Multiple Merkel Cell Carcinomas

   Discussion Top

MCC is a rare, highly aggressive, and often fatal cutaneous malignant neoplasm of neuroendocrine origin, the incidence and mortality of which are increasing. It reveals nonspecific clinical features but usually presents as an asymptomatic, persistent, rapidly growing, red, or violaceous dome-shaped papule, nodule, or plaque with a smooth and shiny surface that can occur at any site of the body but more often affects sun-exposed skin areas (particularly the head and neck region, extremities) of elderly and/or immunosuppressed Caucasian patients (males/females: 2/1) with fair skin types.[1]

MCC cells share several immunohistochemical and ultrastructural features with the normal neuroendocrine Merkel cell residing in the hair bulge and the basal layer of the epidermis. It has previously been suggested, therefore, that MCC may derive from this cell; however, this hypothesis seems very unlikely, since normal Merkel cells are postmitotic in vivo and most densely reside in skin areas that are rare sites of MCC.[2] Thus, the histogenesis of MCC remains in dispute.

About 80% of the MCC cases in the northern hemisphere are etiologically associated with MCPyV, which integrates its DNA into that of the host cells, leading to the abnormal expression of oncogenic genes and inhibition of retinoblastoma suppressor protein (RB1) thereby causing MCC cell proliferation.[3] In the southern hemisphere, in about 20% of the MCC cases, the tumor arises via an ultraviolet radiation-induced accumulation of numerous somatic mutations that affect the tumor suppressor p53 and RB1 pathways, activate oncogenes, and lead to carcinogenesis.[4]
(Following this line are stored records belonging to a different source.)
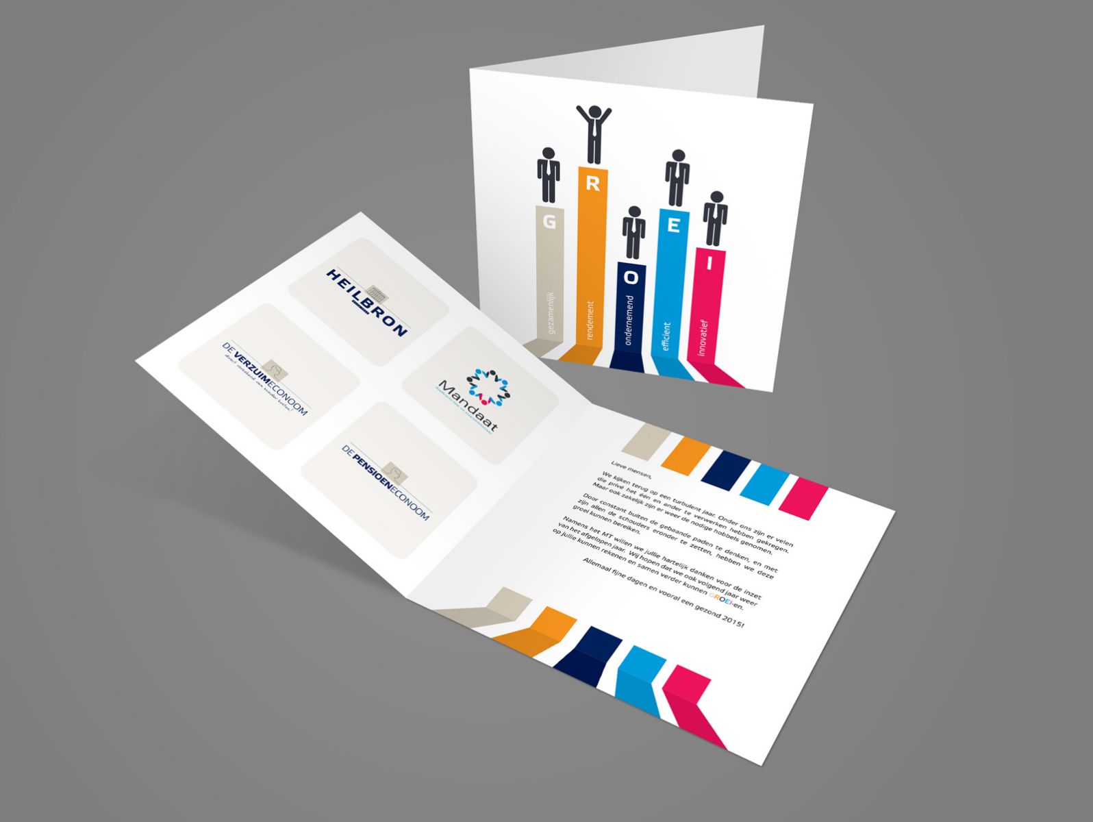 portfolio beeldconcept ‘groei’ Om intern alle pijlers van Heilbron op een leuke manier inzichtelijk te maken voor medewerkers ontwierpen we bij lekker in vorm een beeld concept met het thema ‘groei’. kerstkaart intro powerpointpresentatie poster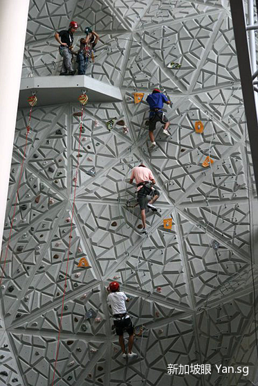 在人们的印象中,进行攀岩这项极限运动的场所通常都是在野外山崖或是专门的人工攀岩馆里。可是在新加坡最繁华的商业街——乌节路上的一家大型商场Orchard Central里,一面高达30米的商场墙壁整个变成了一块攀岩墙,可供游人进行攀爬。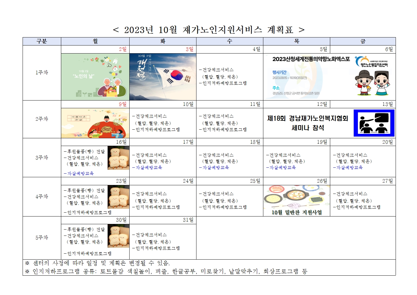 10월 프로그램 제공 계획표

Histologically, MCC is characterized by a lesion in the dermis and/or subcutis that spares the epidermis and the adnexal structures and consists of small round tumor cells (with sparse cytoplasm, round or oval nuclei with a powdery chromatin pattern, and inconspicuous nucleoli), that are arranged in nests or strands.[5] Histological differential diagnosis of MCC includes small cell cutaneous lymphoma, neuroblastoma, rhabdomyosarcoma, metastatic small cell carcinoma of the lung, Ewing's sarcoma, basal cell carcinoma, squamous cell carcinoma, and melanoma. The distinction is easy by immunohistochemistry since the MCC cells uniquely reveal a combined pattern of positivity for epithelial, neural, and neuroendocrine markers [Table 1]. In the patient presented here, the diagnosis of MCC was confirmed by the observed immunohistochemical profile of the tumor cells: Positive for cytokeratin 20, neurofilaments, and neuron-specific enolase.
Table 1: Immunohistochemical markers (antibodies against antigens) of Merkel cell carcinomas (MCCs)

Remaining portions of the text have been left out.